King Sancho Fantastic said:


> Shots he took were fine, just didn't fall. You can already see how his passing can effect a game though. Those outlet passes were beautiful.


yeah there were a couple of boners in there but he didn't look awful


----------



## MojoPin (Oct 10, 2008)

Dude just makes players better. You can see it.

Kuzna can stretch the floor nicely.


----------



## Uncle Drew (Dec 16, 2013)

Pleasantly surprised by Kuzma so far. Looks like he has potential as a floor spacer and a switchable defender. Already a very good passer. If he turns into a steal, the DLo trade stings wayyy less.


----------



## MojoPin (Oct 10, 2008)

Be winning the game if not for these bench chumps.


----------



## MojoPin (Oct 10, 2008)

Zo 9ast/2to. DLO would have at least 5 turnovers


----------



## Uncle Drew (Dec 16, 2013)

Zo triple double. 

Way to bounce back kid.


----------



## King Sancho Fantastic (Jul 19, 2005)

Ball fucked around a got a triple double. Get this kid some shooters and slashers, Pelinka!! Kuzma looks like another late GEM! Our scouting department >>>>


----------



## MojoPin (Oct 10, 2008)

It's only two games, but lonzo could very well result in +8 wins. Lakers haven't had someone who could pass for a long time. 11 assists, and multiple hockey assists - now imagine that with Ingram and Lopez, etc.


----------



## e-monk (Sep 10, 2010)

KUZ!


----------



## Basel (Mar 31, 2005)

Haven't been able to watch either of the two games but I'm glad Ingram and Ball looked good. Love hearing that Kuzma looks like a steal. What about Bryant?


----------



## Uncle Drew (Dec 16, 2013)

Basel said:


> Haven't been able to watch either of the two games but I'm glad Ingram and Ball looked good. Love hearing that Kuzma looks like a steal. What about Bryant?


Brought some good energy, especially in the first game. 

Has some surprising touch with his outside shot, but looks very raw otherwise offensively. Doesn't have the best hands. Could be interesting as an energy guy who can knock down a few shots, but a long way to go in terms of him being in a rotation.


----------



## Uncle Drew (Dec 16, 2013)

More on Kuz, 31 points is one thing but I thought he looked great defensively going against both Jaylen Brown and Tatum. Didn't back down and actually got the best of them on more than a few occasions. He's very undisciplined right now, but not hard to see him becoming a plus defender on wings and small bigs.

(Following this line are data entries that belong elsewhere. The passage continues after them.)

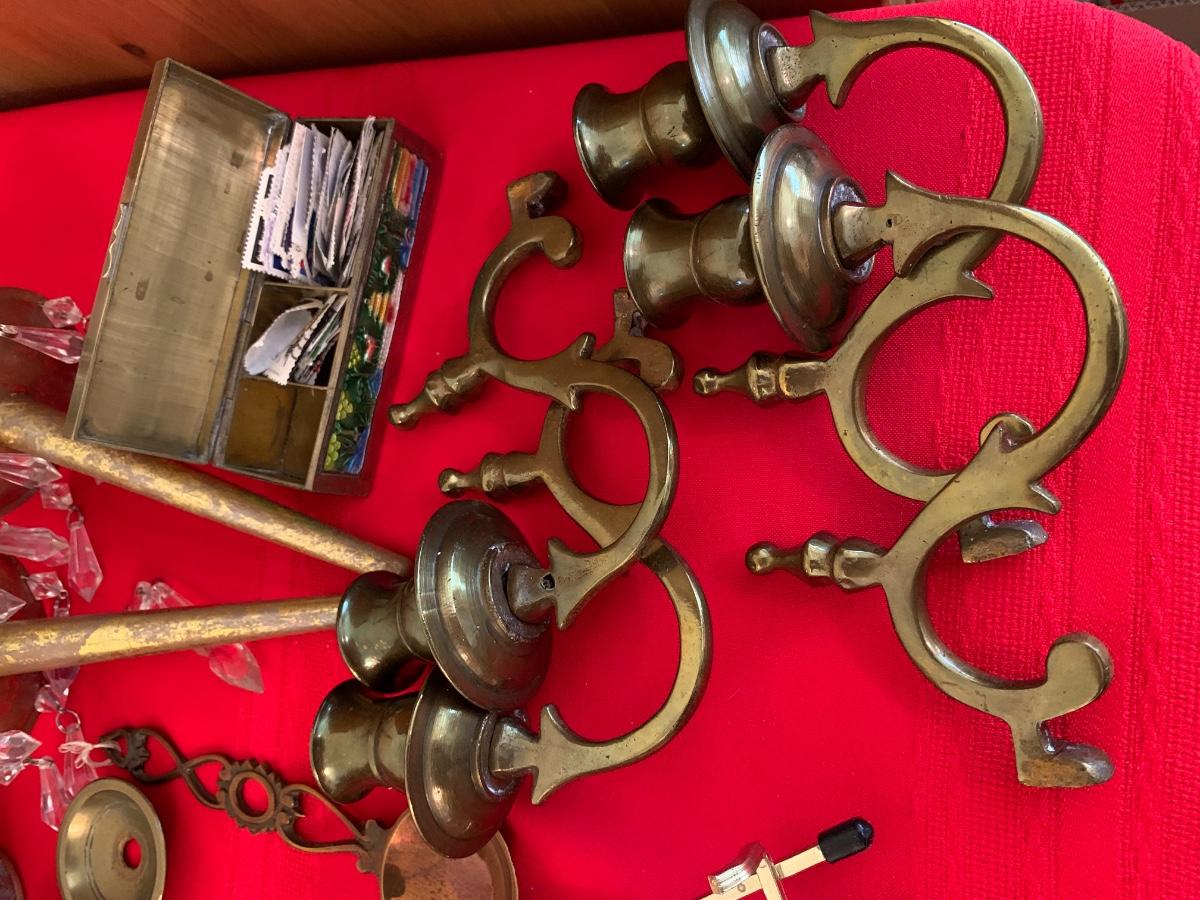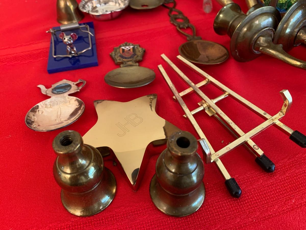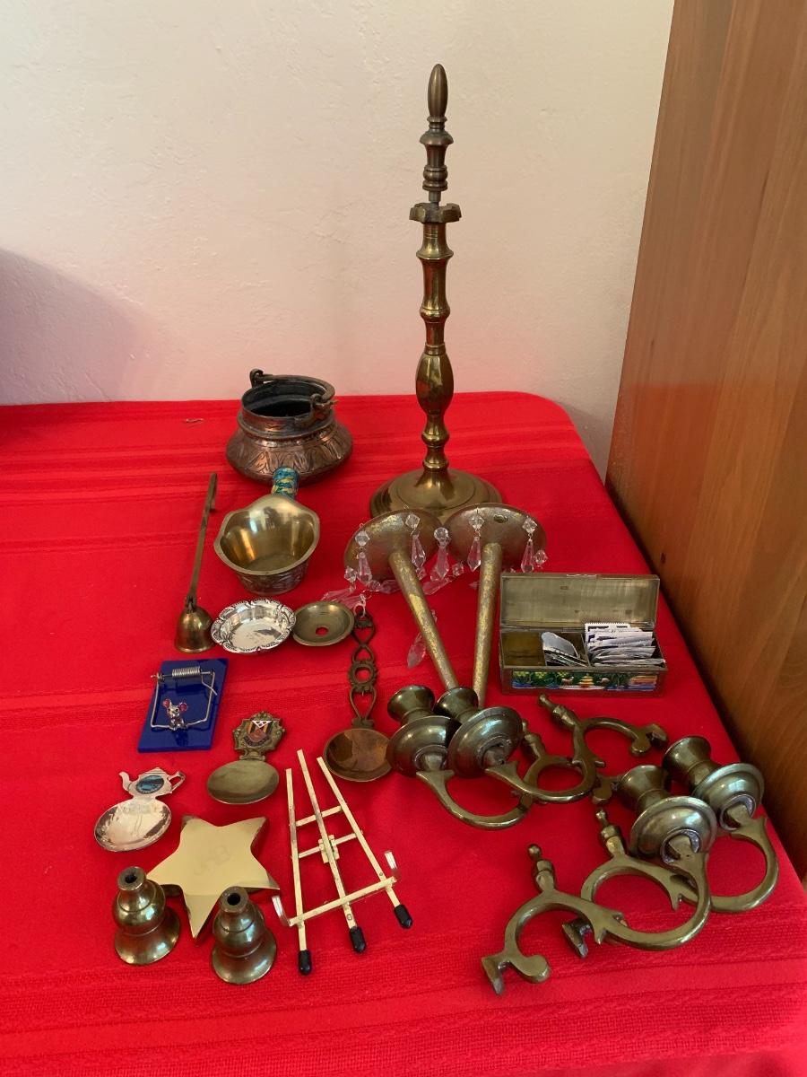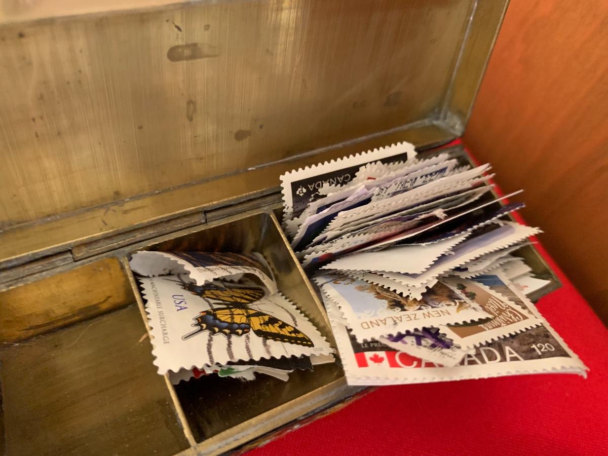 Various Collection of Brass Items. Including a collection of stamps (mostly Canadian).
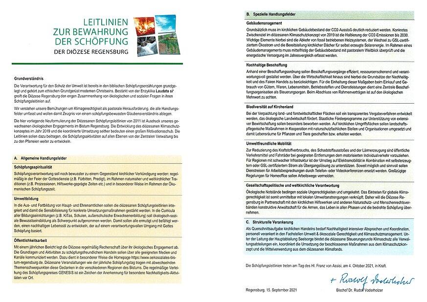 Schöpfungsleitlinien 2021 der Diözese Regensburg von Bischof verabschiedet
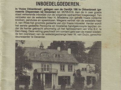 Daarna heeft de heer Fleers in Huize Okkenbroek gewoond. Hij had de villa gekocht en er weer veel in verbouwd en zo de geruchten gingen zou er een sexclub in komen. Zeker is dat in elk geval één instantie in Okkenbroek, in reactie op die geruchten, in 1979 haar zorgen kenbaar gemaakt heeft bij B & W van de Gemeente Diepenveen. Het college antwoordde met de verzekering dat het alle middelen zou aanwenden om een ongewenste ontwikkeling te bestrijden. Tot grote opluchting van de Okkenbroekers heeft er zich, om welke reden dan ook, geen bedrijf in van dat type gevestigd. Was dit het begin van het einde van de familie Fleers als bewoners van Huize Okkenbroek? Feit is dat in 1980 een hoogst belangrijke spoedveiling van kunst- antiek- en inboedelgoederen in Huize Okkenbroek plaatsvond wegens vertrek van de familie P. Fleers. De in zeer goede staat verkerende inboedel werd gehouden ten overstaan van de weldedelgestrenge heer W. van Duijn, gerechtsdeurwaarder te Deventer. Aan de veiling werden goederen toegevoegd van de heer H. Miedema, de heer A. van Rhee en handgeknoopte Perzische en Oosterse tapijten uit het faillissement van Vita B.V. uit Den Haag. De kijkdagen, voorafgaand aan de verkoop waren van 26 tot 29 september. De verkoop liep van 29 september tot 3 oktober. De goederen, zo staat in de omvangrijke catalogus die speciaal voor de veiling is gemaakt, moesten vervoerd zijn uiterlijk zaterdag 4 oktober 1980 voor 12:00 uur. Het gezin Fleers vertrok waarna Kees Bruisma de villa kocht.
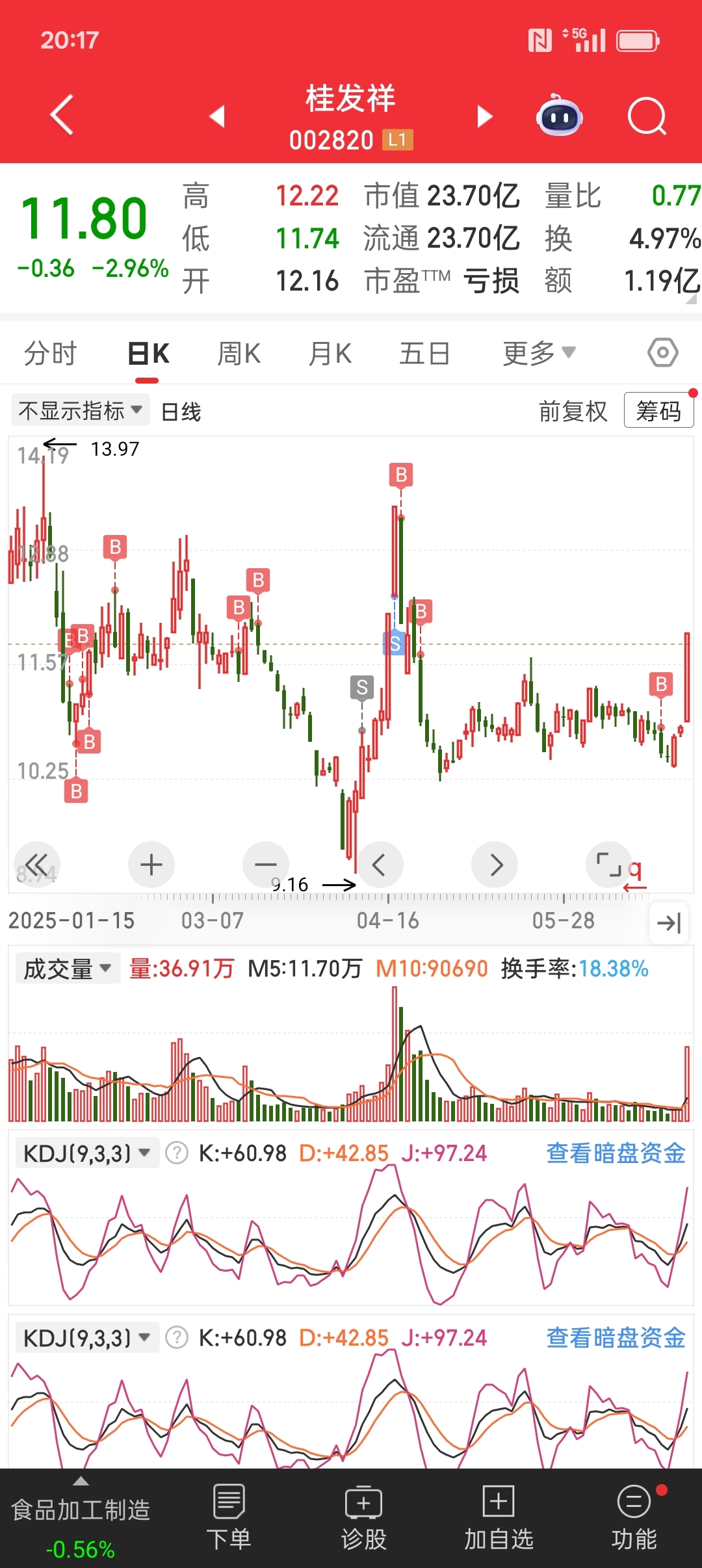 $桂发祥(SZ002820)$ 终于又要跌回买点了。11以下准备建仓,你们这些个新韭菜不知道股市的厉害,炒股B点在于一个“等”字。当然如果五千多支股票您独爱大麻花 那就没有办法了
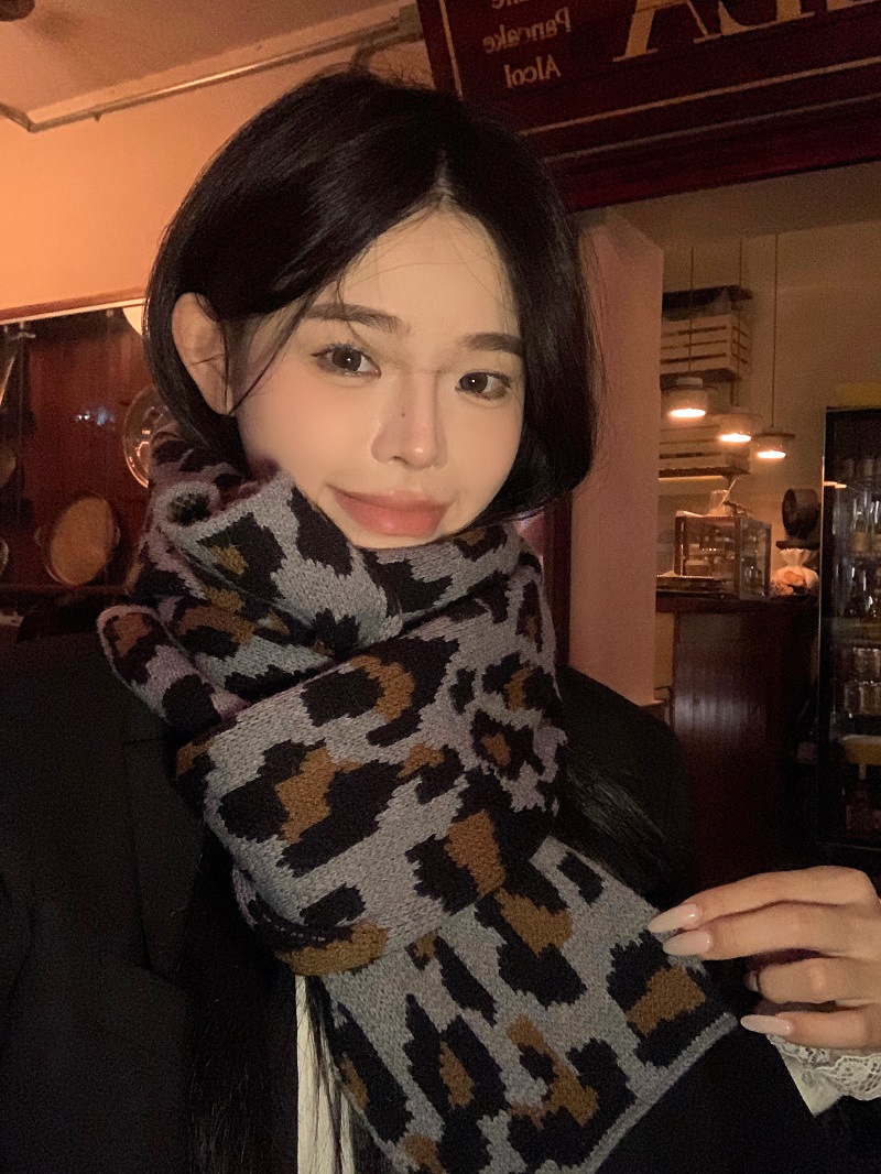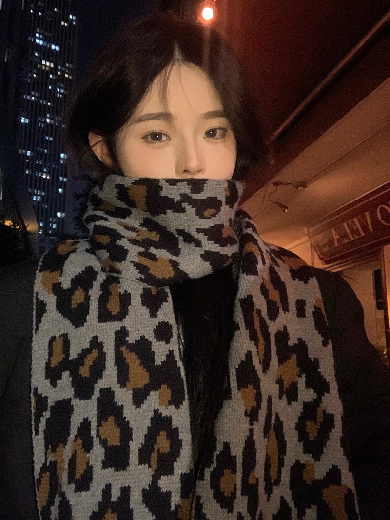 레오파드 울 니트 스카프 여자 가을 겨울 2024 새로운 한국식 올매치 따뜻한 고급 학술 스타일 스카프스토어 가기

Obviously super early, but definitely encouraging.


----------



## King Sancho Fantastic (Jul 19, 2005)

His game reminds me of a young Boris Diaw. Back before Boris got fat, he was a handful on those Nash/Amare Phoenix teams.


----------



## e-monk (Sep 10, 2010)

King Sancho Fantastic said:


> His game reminds me of a young Boris Diaw. Back before Boris got fat, he was a handful on those Nash/Amare Phoenix teams.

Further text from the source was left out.